++++ Extracted data ++++

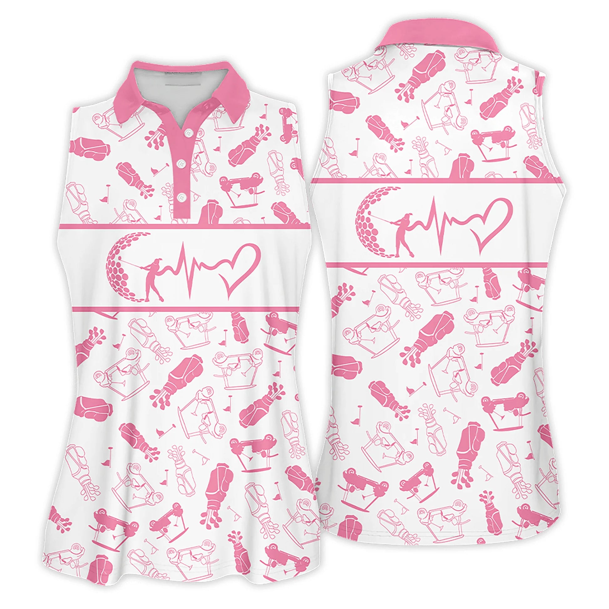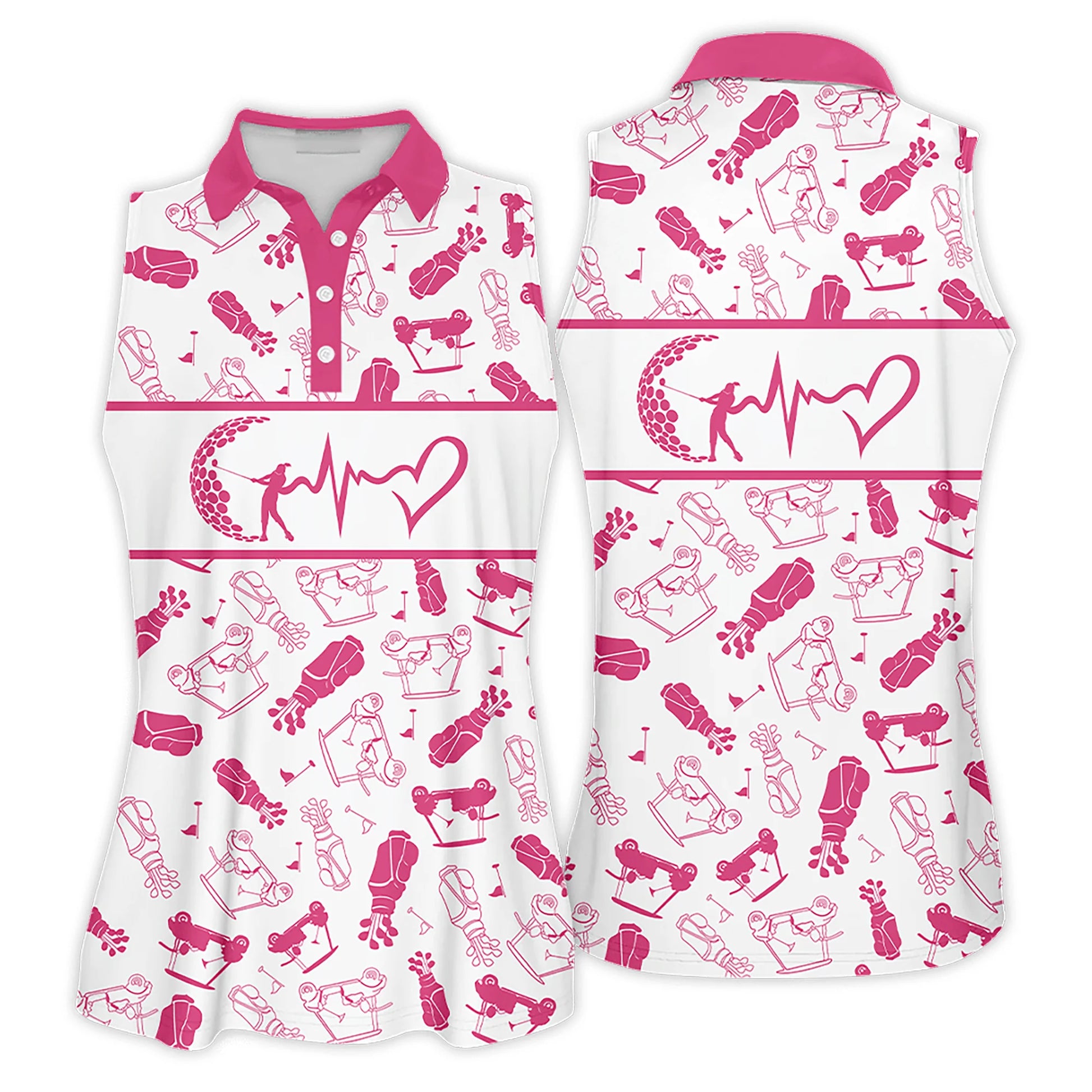 Golf Women Sleeveless Athleisure Polo Shirt, Heartbeat Golf Clubs Funny Golf Symbol Multicolor - Gift For Golfers, Female, Golf Lovers, Mother's Day
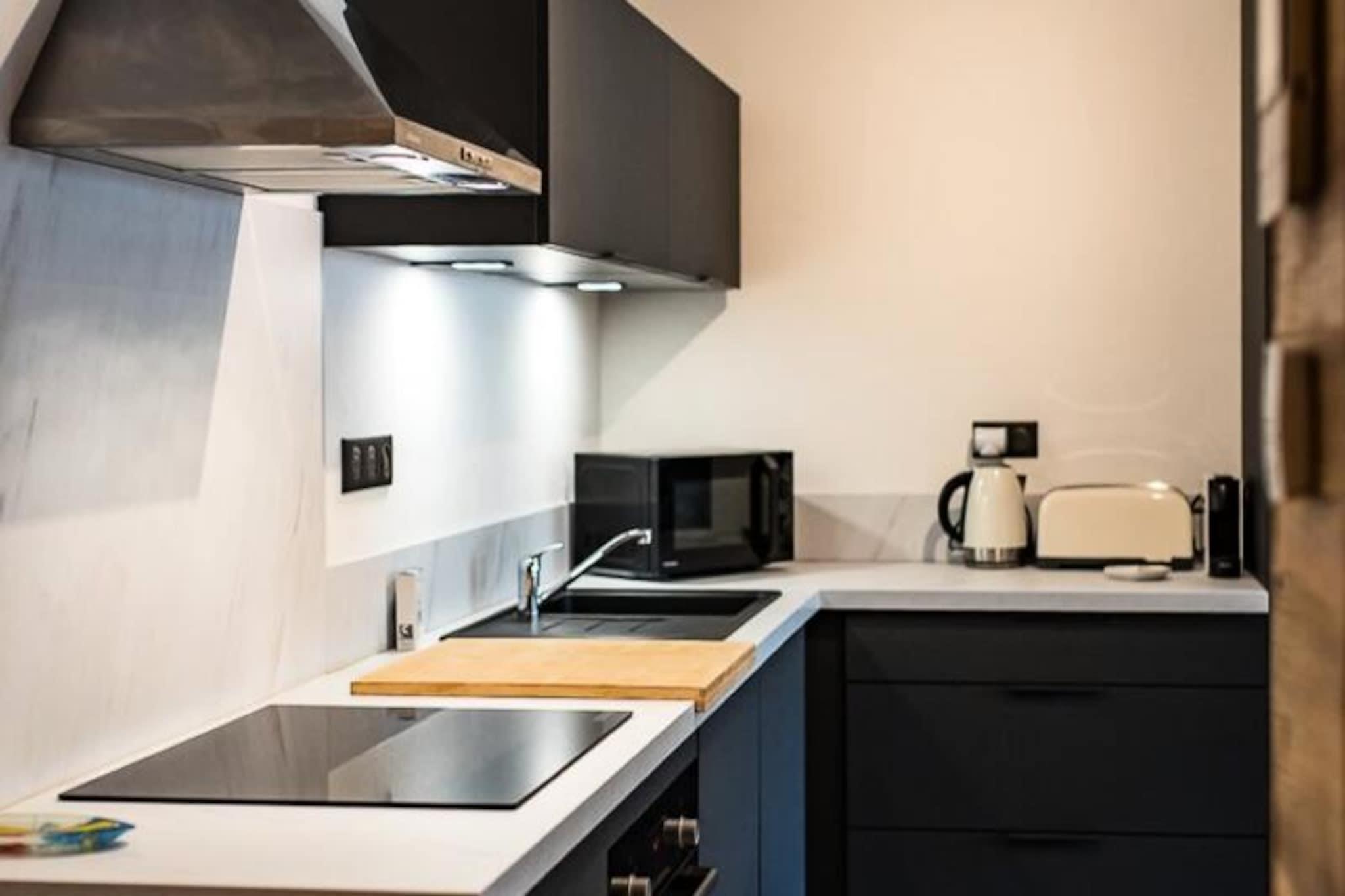 I hjertet af den charmerende landsby Plan du Moulin tilbyder denne dejlige alpine lejlighed den perfekte blanding af moderne komfort og traditionel bjergcharme. Kun 300 meter fra begynderpisterne og 400 meter fra Plan du Moulin Express-stoleliften er det et ideelt tilflugtssted for familier og venner, der søger en afslappende, men eventyrlig ferie i de franske alper. Det omkringliggende landskab med sine majestætiske tinder og rolige atmosfære sætter scenen for en uforglemmelig ferieoplevelse. Træd indenfor og oplev et varmt og indbydende opholdsrum, omhyggeligt designet til at sikre din komfort. Lejligheden kan prale af en rummelig stue med en hyggelig tv-stue og spiseplads, der er problemfrit forbundet med et fuldt udstyret køkken. Højdepunktet er den store 34 m² sydvendte terrasse, perfekt til at nyde solen eller et måltid med en betagende udsigt over bjergene. Tre smukt indrettede soveværelser giver afslappende nætter: en queensize-seng i det første værelse, en dobbeltseng med eget brusebad og tv i det andet samt en køjeseng i et charmerende soveområde. Et fælles badeværelse med badekar og et ekstra separat toilet fuldender planløsningen. Yderligere bekvemmeligheder inkluderer et skirum med støvletørrer, en indendørs parkeringsplads med opladning af elbiler og gratis Wi-Fi. Ud over lejligheden tilbyder landsbyen en perfekt alpin oplevelse med sin nærhed til skiløjper, lokale butikker og restauranter. Når du booker hos Altitude 1750, leveres dine liftkort direkte til dig, og der er rabatter på leje af udstyr ved tidlig booking. Uanset om du står på ski om vinteren eller udforsker løjperne om sommeren, er denne ejendom din port til det bedste af Alperne. Redte senge ved ankomst, slutrengøring inkluderet og et ikke-ryger, kæledyrsfrit miljø sikrer et problemfrit ophold. Gå ikke glip af chancen for at skabe dyrebare minder i dette idylliske bjergparadis.
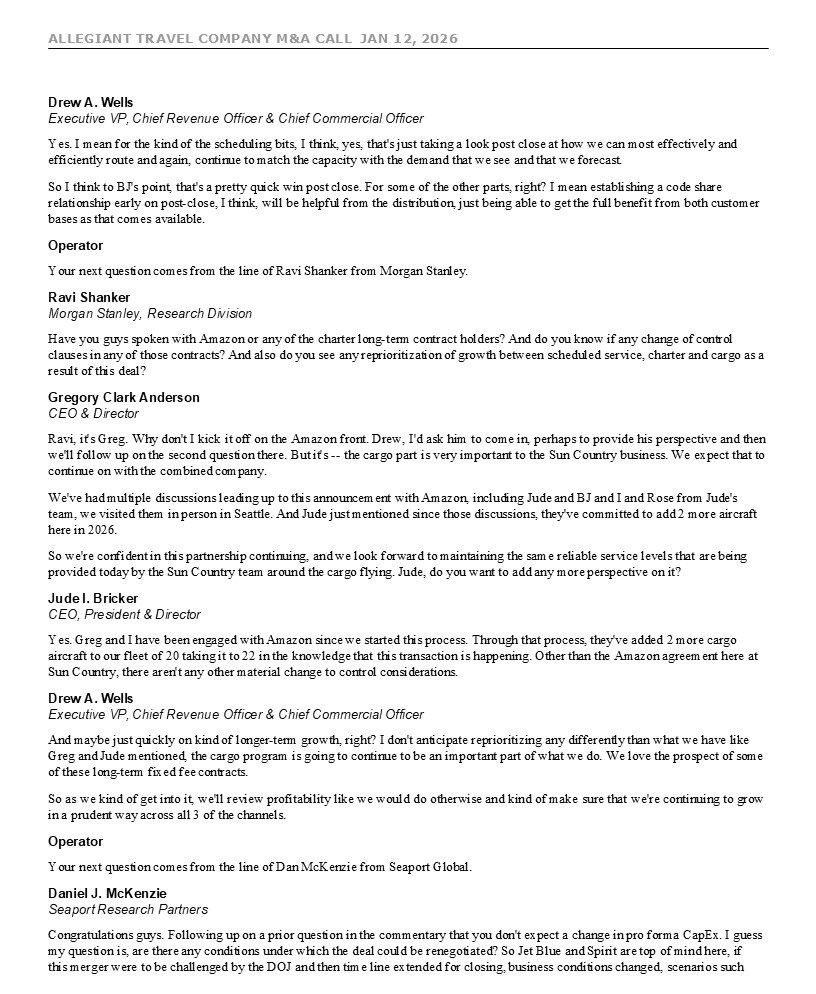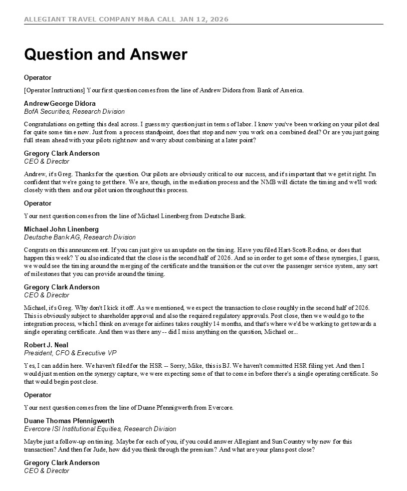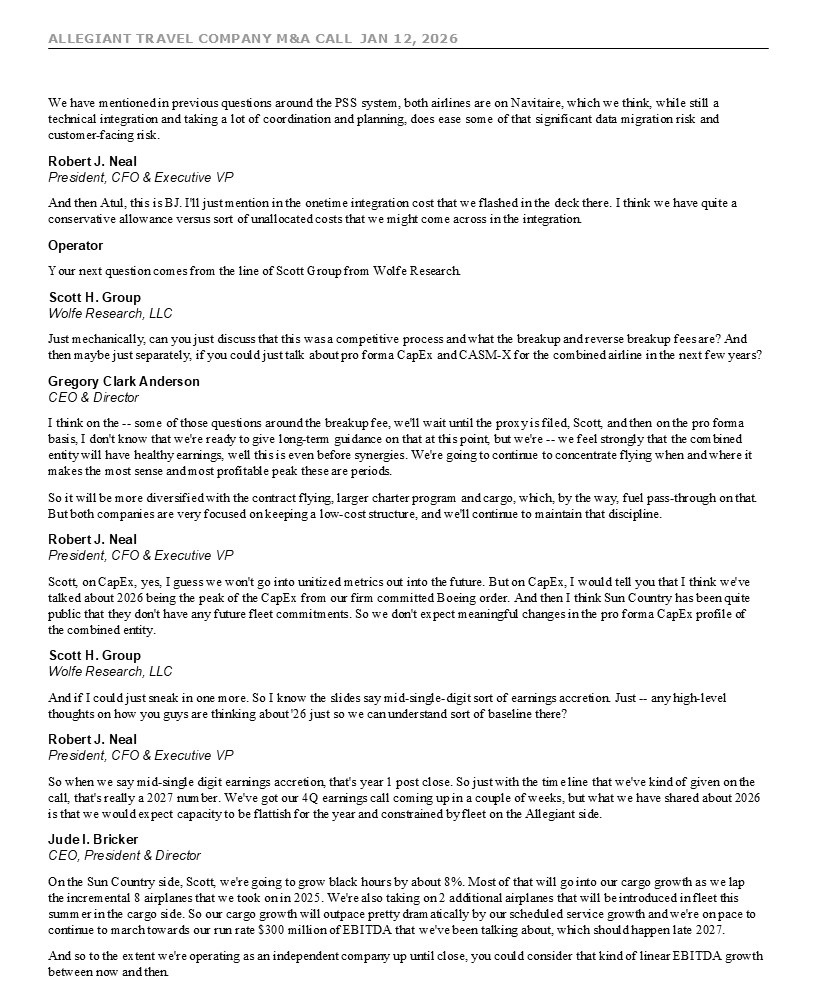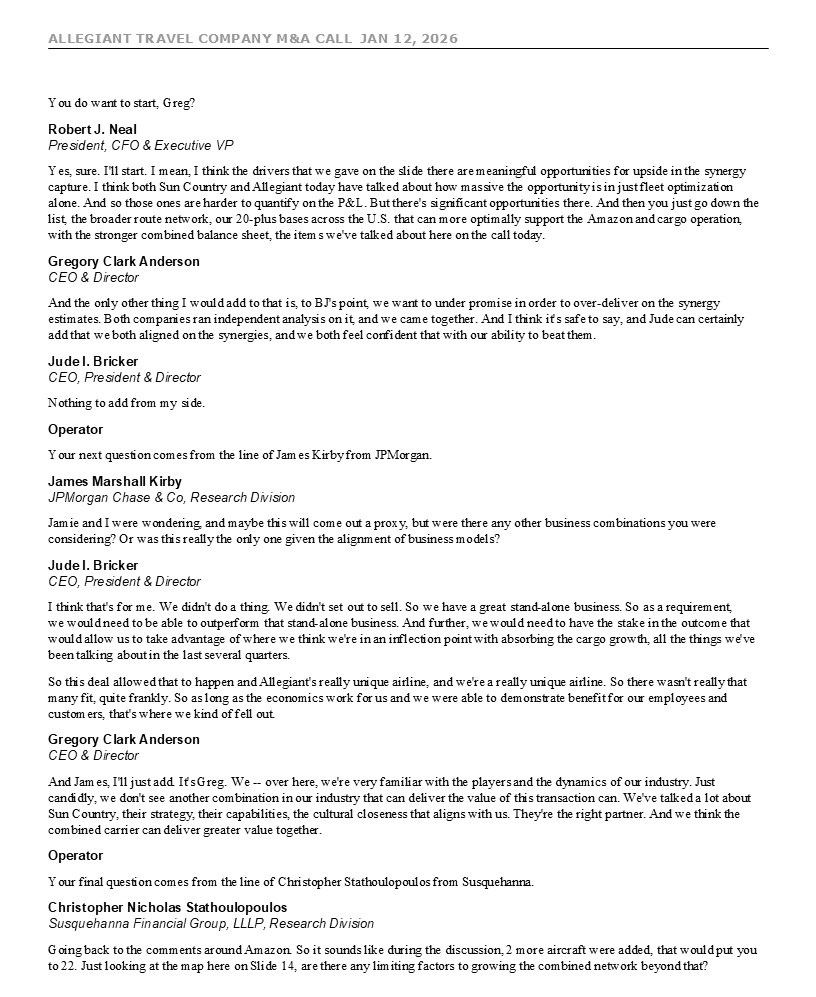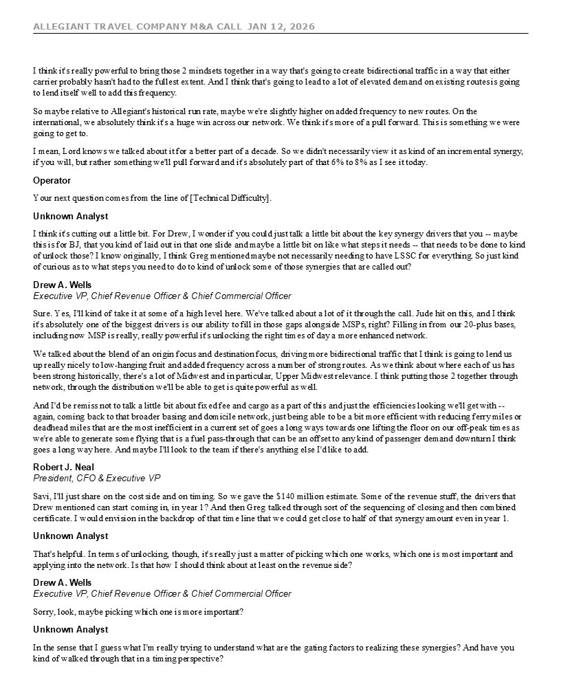 ALLEGIANT TRAVEL COMPANY M&A CALL JAN 12, 2026 7 move given the recent
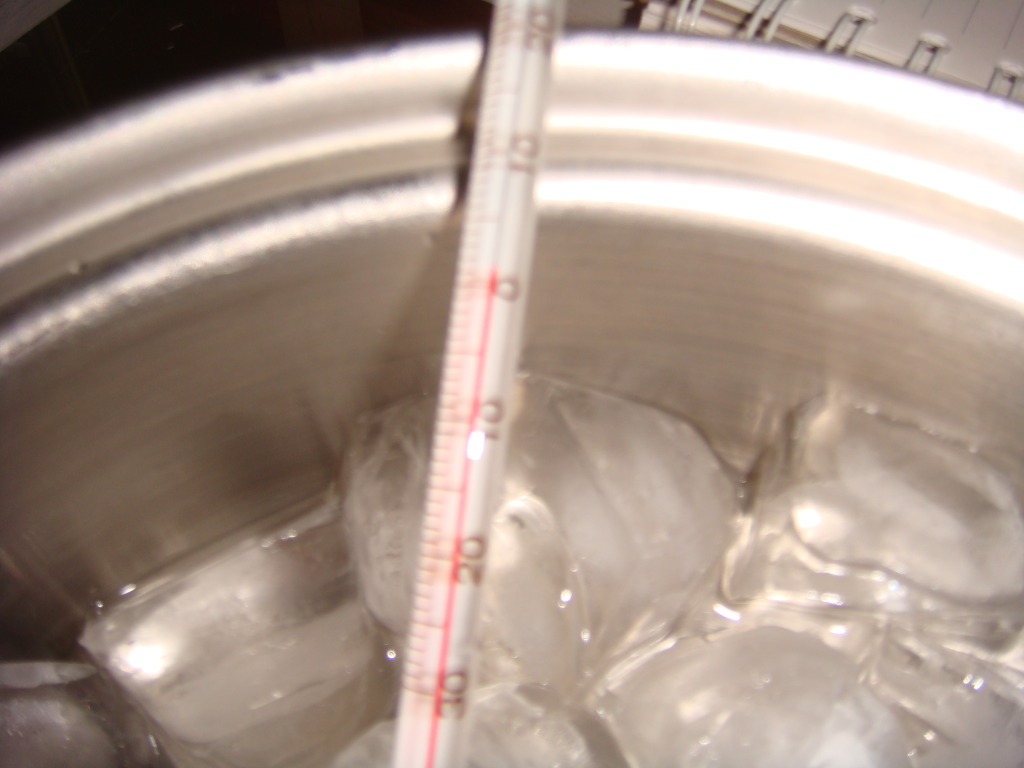 (냄비에 얼음을 넣고 온도를 재었다.)
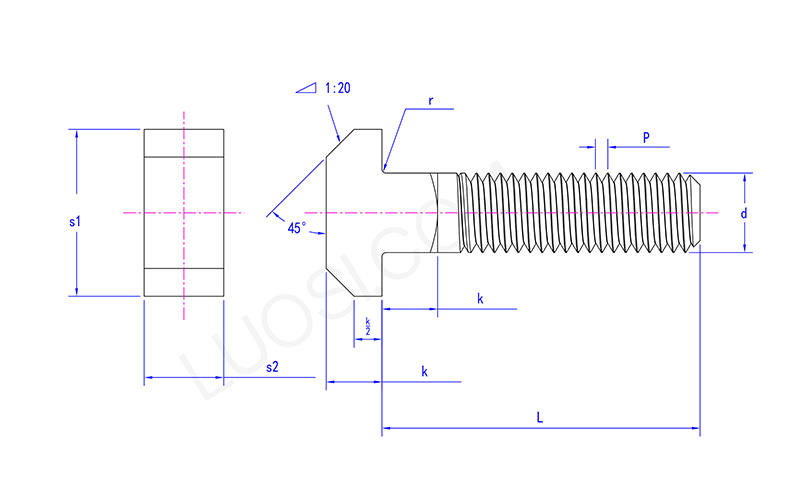 مربع گردن ٹی بولٹ انتہائی قابل شناخت ہیں۔ پہلو سے دیکھا جاتا ہے ، وہ حصہ جہاں سر سکرو سے جڑتا ہے ، یعنی گردن ، ایک باقاعدہ مربع ، صاف اور مربع ہے۔ مزید یہ کہ ، گردن کی لمبائی عام طور پر زیادہ لمبی نہیں ہوتی ہے اور عام طور پر اسی موٹائی کے بارے میں ہوتا ہے جتنا اس کے جزو سے منسلک ہوتا ہے۔ سکرو حصہ ایک بیلناکار دھات کی چھڑی ہے ، اور اس کی موٹائی بولٹ کی وضاحتوں کے مطابق مختلف ہوتی ہے۔ سکرو کی سطح دھاگوں کے ساتھ کندہ ہوتی ہے ، جو عام بولٹ دھاگوں کی طرح ہوتی ہے جو ہم دیکھتے ہیں ، ایک سرپل شکل میں ، اور نٹ کو سخت کرنے کے لئے استعمال ہوتے ہیں۔
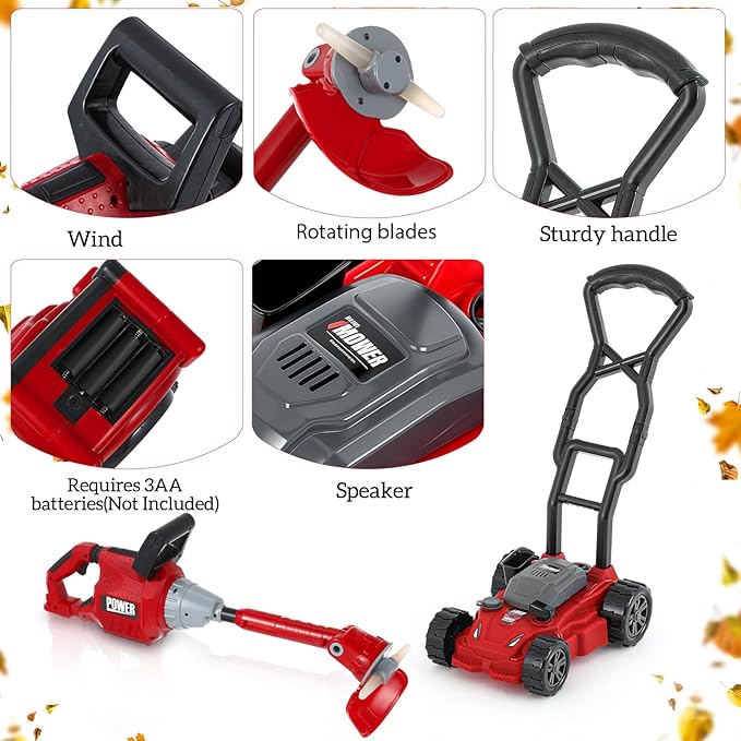 - Complete Play Tool Set: our lawn equipment toys set is a nice bundle to keep them entertained and engaged; The set includes a toy weed trimmer and a push lawn mower, all designed to match real world models; In bold red and black colors

++++

### What to produce
Restate, word for word and without pictures, the lines from the line containing "(냄비에 얼음을 넣고 온도를 재었다.)" to the last line of the records above.

### Answer
 (냄비에 얼음을 넣고 온도를 재었다.)
 مربع گردن ٹی بولٹ انتہائی قابل شناخت ہیں۔ پہلو سے دیکھا جاتا ہے ، وہ حصہ جہاں سر سکرو سے جڑتا ہے ، یعنی گردن ، ایک باقاعدہ مربع ، صاف اور مربع ہے۔ مزید یہ کہ ، گردن کی لمبائی عام طور پر زیادہ لمبی نہیں ہوتی ہے اور عام طور پر اسی موٹائی کے بارے میں ہوتا ہے جتنا اس کے جزو سے منسلک ہوتا ہے۔ سکرو حصہ ایک بیلناکار دھات کی چھڑی ہے ، اور اس کی موٹائی بولٹ کی وضاحتوں کے مطابق مختلف ہوتی ہے۔ سکرو کی سطح دھاگوں کے ساتھ کندہ ہوتی ہے ، جو عام بولٹ دھاگوں کی طرح ہوتی ہے جو ہم دیکھتے ہیں ، ایک سرپل شکل میں ، اور نٹ کو سخت کرنے کے لئے استعمال ہوتے ہیں۔
 - Complete Play Tool Set: our lawn equipment toys set is a nice bundle to keep them entertained and engaged; The set includes a toy weed trimmer and a push lawn mower, all designed to match real world models; In bold red and black colors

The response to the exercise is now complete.